*** Opening of Supplied records ***
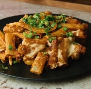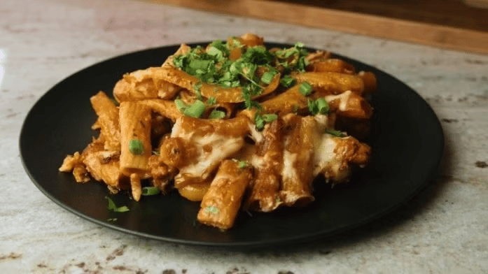 Dieses Gericht ist ein wahres Geschmackserlebnis: Saftiges Hähnchenfleisch mit weichgemachten Paprikaschoten und Zwiebeln. Und all das in einer cremigen, aber würzigen Salsasauce – gekrönt von reichlich geschmolzenem Käse.
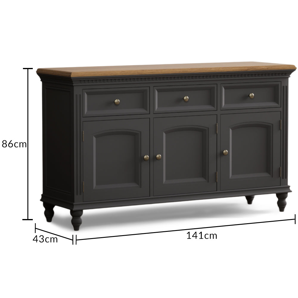 • With a traditional look, the sideboard is completed in a charcoal grey finish
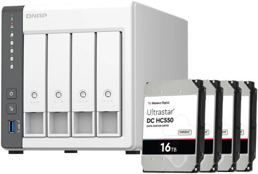 QNAP TS-433 4 Bay 64TB NAS with WD 16TB (4x16TB) Ultrastar HC550 SATA-6Gb/s HDD, 7200RPM / 512MB Cache, ARM 4-core Cortex-A55 2.0GHz, 4 GB RAM, 3Gb/s, 5 Gigabit Ethernet Port
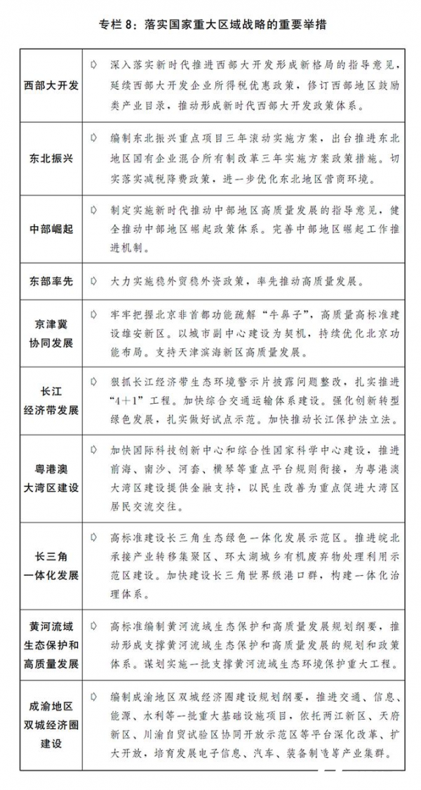 一是落实落细重大区域发展战略。落实区域协调发展新机制,持续推进西部大开发形成新格局,支持东北地区全面振兴全方位振兴,健全中部地区崛起政策体系和工作机制,继续推动东部地区率先发展。纵深推进京津冀协同发展,加快实施雄安新区重点建设项目,完善北京非首都功能疏解政策体系。大力推进长江经济带生态环境突出问题整改和系统性保护修复,加快构建综合交通运输体系,促进内河船舶改造。推动粤港澳大湾区基础设施互联互通,有序开展国际科技创新中心建设,加快横琴、河套等重大合作平台建设。高标准建设长三角生态绿色一体化示范区,推动长三角交通一体化更高质量发展,建设虹桥国际开放枢纽。抓紧做好黄河流域生态保护和高质量发展规划纲要编制和出台实施工作。大力支持成渝地区双城经济圈建设,打造全国高质量发展的重要增长极。积极推进西部陆海新通道建设。深化对口支援。支持少数民族和民族地区加快发展。推动国家级新区、开发区等功能平台创新提升发展,加快推进资源型地区经济转型和老工业城市更新改造。推动山西开展能源革命综合改革试点。继续推进承接产业转移示范区建设,在具备条件的内陆城市打造一批高端制造业基地。制定发展海洋经济加快建设海洋强国的意见。完善主体功能区战略和制度,编制《全国国土空间规划纲要(2021-2035)》。
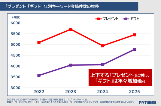 そして、例年から安定して上位にある「プレゼント」と「ギフト」は、いずれも新商品の利用シーンの一つに提案することを目的に、発売の発表に際して使用されてきました。順位では大きく変化がないように見えますが、件数を見ると変化が見られます。「プレゼント」が2022年:5091件、2023年:5707件、2024年:4945件、2025年:5452件と上下する中、「ギフト」はが2022年:3568件、2023年:4047件、2024年:4066件、2025年:4773件とその差を徐々に縮めるように右肩上がりを続けています。
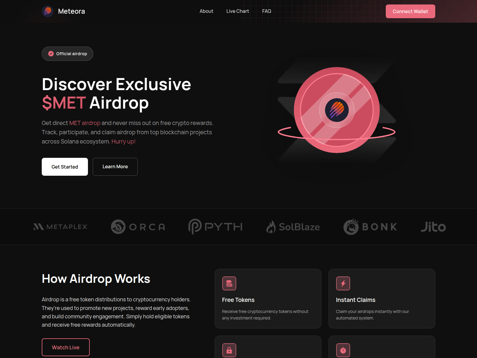 Scammers create fake websites promising free cryptocurrency airdrops to lure victims.
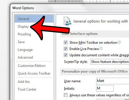 但是,如果您處於經常使用隱藏文本的環境中,並且您發現在打印文檔時經常需要包含該隱藏文本,那麼您可以使用 Word 菜單中的一個選項,該選項將自動打印文檔中的任何隱藏文本。我們下面的指南將引導您到該設置的位置,以便您可以根據需要打開或關閉它。
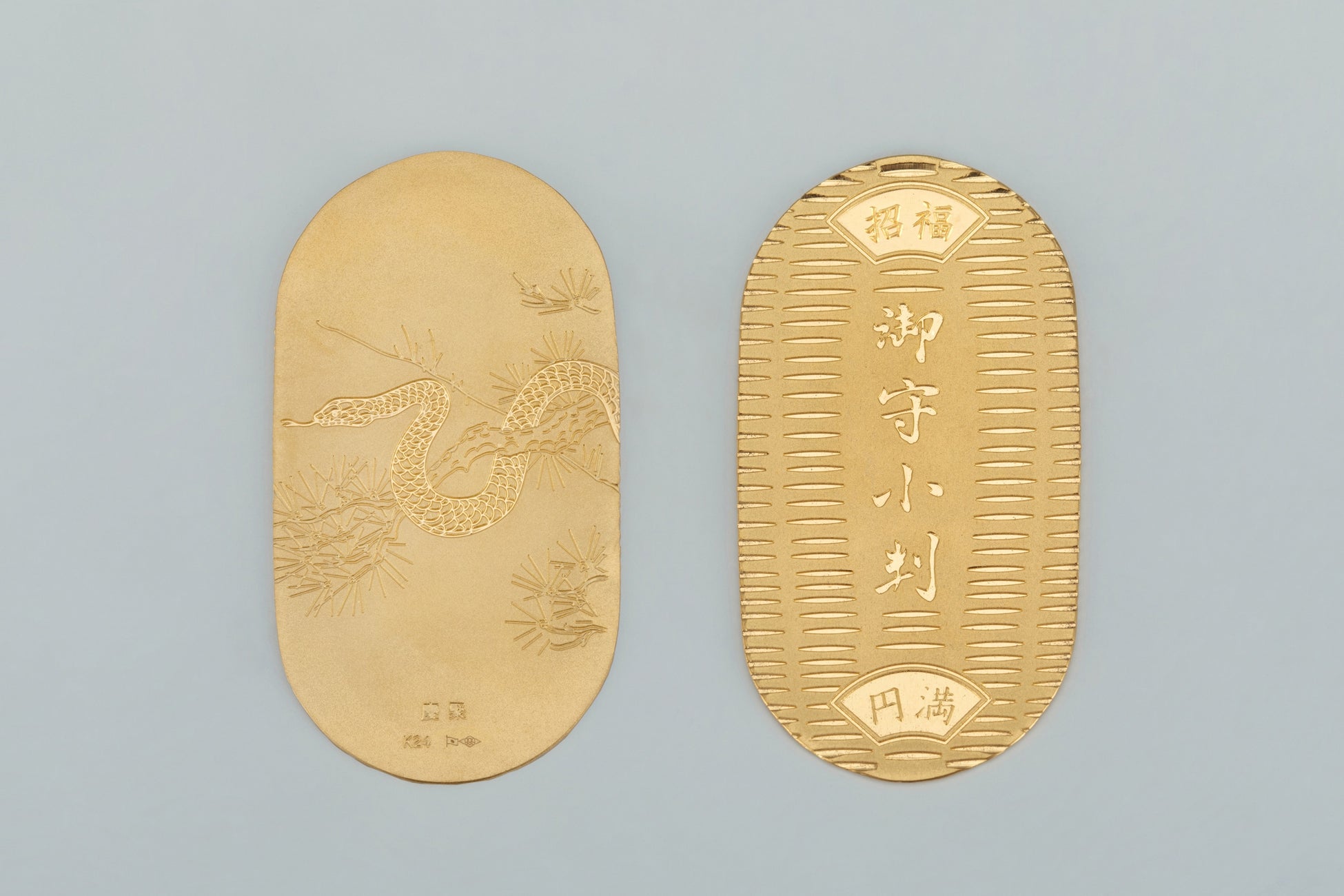 2025年の干支「巳」柄の小判。大切な資産をお子様やお孫様に継承したいという思いにお応えできる、人気の高い商品です。
*** Close of Supplied records ***
* Work request:
The goal is an exact reprint of the entries, leaving out the pictures.

* Result of this exercise:
 Dieses Gericht ist ein wahres Geschmackserlebnis: Saftiges Hähnchenfleisch mit weichgemachten Paprikaschoten und Zwiebeln. Und all das in einer cremigen, aber würzigen Salsasauce – gekrönt von reichlich geschmolzenem Käse.
 • With a traditional look, the sideboard is completed in a charcoal grey finish
 QNAP TS-433 4 Bay 64TB NAS with WD 16TB (4x16TB) Ultrastar HC550 SATA-6Gb/s HDD, 7200RPM / 512MB Cache, ARM 4-core Cortex-A55 2.0GHz, 4 GB RAM, 3Gb/s, 5 Gigabit Ethernet Port
 一是落实落细重大区域发展战略。落实区域协调发展新机制,持续推进西部大开发形成新格局,支持东北地区全面振兴全方位振兴,健全中部地区崛起政策体系和工作机制,继续推动东部地区率先发展。纵深推进京津冀协同发展,加快实施雄安新区重点建设项目,完善北京非首都功能疏解政策体系。大力推进长江经济带生态环境突出问题整改和系统性保护修复,加快构建综合交通运输体系,促进内河船舶改造。推动粤港澳大湾区基础设施互联互通,有序开展国际科技创新中心建设,加快横琴、河套等重大合作平台建设。高标准建设长三角生态绿色一体化示范区,推动长三角交通一体化更高质量发展,建设虹桥国际开放枢纽。抓紧做好黄河流域生态保护和高质量发展规划纲要编制和出台实施工作。大力支持成渝地区双城经济圈建设,打造全国高质量发展的重要增长极。积极推进西部陆海新通道建设。深化对口支援。支持少数民族和民族地区加快发展。推动国家级新区、开发区等功能平台创新提升发展,加快推进资源型地区经济转型和老工业城市更新改造。推动山西开展能源革命综合改革试点。继续推进承接产业转移示范区建设,在具备条件的内陆城市打造一批高端制造业基地。制定发展海洋经济加快建设海洋强国的意见。完善主体功能区战略和制度,编制《全国国土空间规划纲要(2021-2035)》。
 そして、例年から安定して上位にある「プレゼント」と「ギフト」は、いずれも新商品の利用シーンの一つに提案することを目的に、発売の発表に際して使用されてきました。順位では大きく変化がないように見えますが、件数を見ると変化が見られます。「プレゼント」が2022年:5091件、2023年:5707件、2024年:4945件、2025年:5452件と上下する中、「ギフト」はが2022年:3568件、2023年:4047件、2024年:4066件、2025年:4773件とその差を徐々に縮めるように右肩上がりを続けています。
 Scammers create fake websites promising free cryptocurrency airdrops to lure victims.
 但是,如果您處於經常使用隱藏文本的環境中,並且您發現在打印文檔時經常需要包含該隱藏文本,那麼您可以使用 Word 菜單中的一個選項,該選項將自動打印文檔中的任何隱藏文本。我們下面的指南將引導您到該設置的位置,以便您可以根據需要打開或關閉它。
 2025年の干支「巳」柄の小判。大切な資産をお子様やお孫様に継承したいという思いにお応えできる、人気の高い商品です。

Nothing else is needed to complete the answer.